Tuesday, December 30, 2008

NEWSWEEK SAYS BUSH ET AL COULD FACE HIGH LEVEL CHARGES

Newsweek - The United States, like many countries, has a bad habit of committing wartime excesses and an even worse record of accounting for them afterward. But a remarkable string of recent events suggests that may finally be changing - and that top Bush administration officials could soon face legal jeopardy for prisoner abuse committed under their watch in the war on terror.

In early December, in a highly unusual move, a federal court in New York agreed to rehear a lawsuit against former Attorney General John Ashcroft brought by a Canadian citizen, Maher Arar. (Arar was a victim of the administration's extraordinary rendition program: he was seized by U.S. officials in 2002 while in transit through Kennedy Airport and deported to Syria, where he was tortured.) Then, on Dec. 15, the Supreme Court revived a lawsuit against Donald Rumsfeld by four Guantánamo detainees alleging abuse there - a reminder that the court, unlike the White House, will extend Constitutional protections to foreigners at Gitmo. Finally, in the same week the Senate Armed Service Committee, led by Carl Levin and John McCain, released a blistering report specifically blaming key administration figures for prisoner mistreatment and interrogation techniques that broke the law. The bipartisan report reads like a brief for the prosecution - calling, for example, Rumsfeld's behavior a "direct cause" of abuse. Analysts say it gives a green light to prosecutors, and supplies them with political cover and factual ammunition. Administration officials, with a few exceptions, deny wrongdoing. Vice President Dick Cheney says there was nothing improper with U.S. interrogation techniques - "we don't do torture," he repeated in an ABC interview on Dec. 15. The government blamed the worst abuses, such as those at Abu Ghraib, on a few bad apples.

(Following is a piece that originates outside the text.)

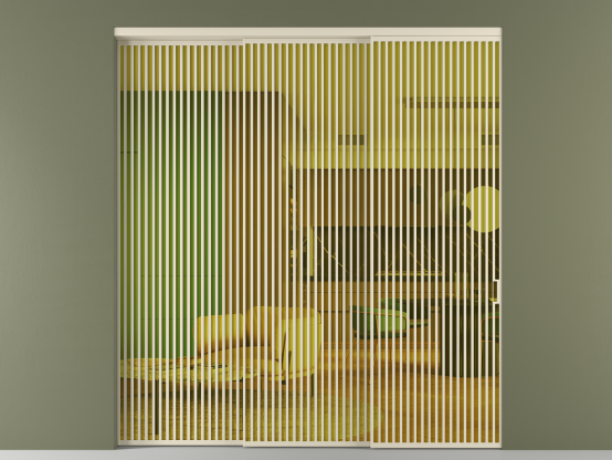 Дополнительно на раздвижную двустворчатую перегородку вдоль стены и четырёхстворчатую перегородку внутри проёма с двумя неподвижным полотнами можно установить механизм синхронного открывания — при открывании одной створки, вторая открывается автоматически.

High-level charges, if they come, would be a first in U.S. history. "Traditionally we've caught some poor bastard down low and not gone up the chain," says Burt Neuborne, a constitutional expert and Supreme Court lawyer at NYU. Prosecutions may well be forestalled if Bush issues a blanket pardon in his final days, as Neuborne and many other experts now expect. (Some see Cheney's recent defiant-sounding admission of his own role in approving waterboarding as an attempt to force Bush's hand.)

COULD OBAMA STOP BUSH'S LAST MINUTE PARDONS?

PS Ruckman Jr, Pardon Power - Ulysses S. Grant's first clemency decision, on his third day in office, was to revoke two pardons granted by Andrew Johnson. Both men challenged Grant's power to do so, and lost their case in federal court. A central passage in a judicial opinion read:

"If the president can arrest the mission of the messenger when the messenger has departed but ten feet from the door of the presidential mansion, he can arrest such mission at any time before the messenger delivers the pardon to the warden of the prison."

The fact that "the president" - in this case - meant two different presidents (Johnson and Grant), and the fact that - in this case - the warden had actually received the pardons but simply stuck them in his desk for a while, did not matter. The pardons had not actually been placed in the hands of Moses and Jacob DePuy, so the two men stayed in prison and were pardoned (by Grant) later.

Grant also revoked the pardon of James F. Martin, but the New York Times, reported that the official order from the State Department reached the U.S. Marshal in Massachusetts "too late." That is to say, Martin had accepted his pardon and had exited the premises. No effort was made to put him back.

Finally Grant revoked the pardon of Richard C. Enright, who was sentenced to 18 months in prison and fined $2,500 for conspiracy to defraud the government. Johnson granted a full pardon 12 months into the sentence but, before the pardon could reach Enright's hands, Grant revoked it. Enright had to cool his heels another 8 months.

In a 1975 article for Case and Commentary, distinguished attorney Melvin H. Belli referred to an instance in 1969 when the President "managed to head off a pardon granted by the previous President." According to Belli, a telegram was sent to "waylay" the pardon "just before it was delivered into the hands of the intended receivers."